Here is an example model that’s failing
https://github.com/bedapudi6788/NudeNet/releases/download/v0/classifier_model

Hi,

This could be due to OOM. Could you try to reduce the TF GPU memory fraction: config.gpu_options.per_process_gpu_memory_fraction

Thanks

This didnt seem to help. The part that’s really baffling me is that this exact same model works fine on a much more lower-end P1000 GPU

Hi,

Could you please share the sample repro script and model file so we can help better?

Also, can you provide details on the platforms you are using:
o CUDA version
o CUDNN version
o Python version [if using python]
o Tensorflow and PyTorch version
o TensorRT version

Thanks

Hi,

See answers below.

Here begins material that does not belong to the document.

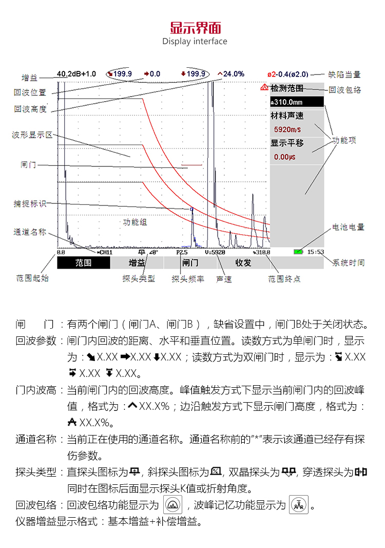 | 回波編碼 | 以不同顏色顯示1~6次回波顯示區(qū),便于判斷缺陷位置 |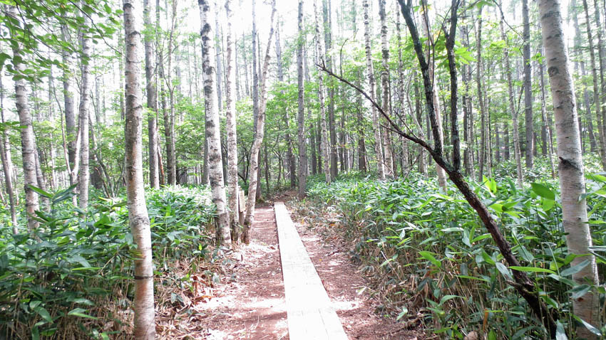 ここではミヤマオダマキが可憐な姿を見せてくれました。ここで残りの大きなおにぎりを食べ、山王峠の急登を越えて白樺の樹林帯を下っていると、突然鹿が眼前を横切りました。最初一瞬何が起こったのかよくわかりませんでしたが、横を見ると鹿が白いお尻を向けてこちらを見ていました。

The notebook is attached, and the model URL is in the original post

o CUDA version - CUDA Version: 10.0
o CUDNN version - CUDNN Version 7.6.2 (also tried 7.6.5, same result)
o Python version [if using python] - Python 3.6.8
o Tensorflow and PyTorch version - TF version: 1.15.0, no PyTorch
o TensorRT version - not installed
05_nudenet.zip (4.03 KB)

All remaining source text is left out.